Therefore, now the question is: how to we calculate those gradients ?

In addition, two very compulsory requirements about this calculation: 
- **computationally exact**;  
- **computationally efficient**.

**TL;DR**:

(doc. reference: [torch autograd](https://pytorch.org/docs/stable/autograd.html))

`torch.autograd` provides classes and functions implementing automatic differentiation of arbitrary scalar valued functions. 

It requires <u>minimal changes</u> to the existing code - you only need to declare `Tensor`s for which gradients should be computed with the `requires_grad=True` keyword.

### Warm-up: `numpy` ol' friend

Numpy does not know **anything** about computation graphs, or deep learning, or gradients. 

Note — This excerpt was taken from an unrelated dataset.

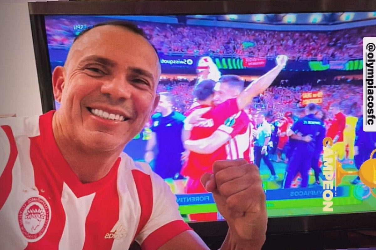Ο Βραζιλιάνος παλαίμαχος άσος έγραψε μαγικές στιγμές δόξας με τους Πειραιώτες στα έξι χρόνια που αγωνίστηκε και αυτούς και λατρεύτηκε όσο λίγοι, με τον ίδιο να πανηγυρίζει έντονα την κατάκτηση του τροπαίου και να ανεβάζει πανηγυρική φωτογραφία όπου ποζάρει με την ερυθρόλευκη φανέλα με φόντο πανηγυρικά στιγμιότυπα στην τηλεόραση του σπιτιού του.

However we can easily use `numpy` to fit a two-layer network to random data by **manually** implementing the `forward` and `backward` passes through the network using numpy primitives:

In [3]:
import numpy as np

# N is batch size; D_in is input dimension;
# H is hidden dimension; D_out is output dimension.
N, D_in, H, D_out = 64, 1000, 100, 10

# Create random input and output data
x = np.random.randn(N, D_in)
y = np.random.randn(N, D_out)

# Randomly initialize weights
w1 = np.random.randn(D_in, H)
w2 = np.random.randn(H, D_out)

In [4]:
learning_rate = 1e-6

In this example we will be using the **ReLU** activaton function, defined as `relu(x) = max(0, x)`. This is mainly because it is well-known and popular, *it works*, and easy to differentiate (manually)

In [5]:
for t in range(500):
    # Forward pass: compute predicted y
    h = x.dot(w1)
    h_relu = np.maximum(h, 0)
    y_pred = h_relu.dot(w2)

    # Compute and print loss
    loss = np.square(y_pred - y).sum()
    if t % 50 == 0:
        print(t, loss)

    # Backprop to compute gradients of w1 and w2 with respect to loss
    grad_y_pred = 2.0 * (y_pred - y)
    grad_w2 = h_relu.T.dot(grad_y_pred)
    grad_h_relu = grad_y_pred.dot(w2.T)
    grad_h = grad_h_relu.copy()
    grad_h[h < 0] = 0
    grad_w1 = x.T.dot(grad_h)

    # Update weights
    w1 -= learning_rate * grad_w1
    w2 -= learning_rate * grad_w2
print('Final Loss: ', loss)

0 34642001.6149787
50 14497.04812171034
100 444.62275798080344
150 21.01969414987922
200 1.2131356849532264
250 0.0793073093235837
300 0.0056875138215903955
350 0.00044111774856022215
400 3.668645922244574e-05
450 3.2488248058539225e-06
Final Loss:  3.1889407822091545e-07


### `torch.Tensor`

``torch.Tensor`` is the central class of the package. 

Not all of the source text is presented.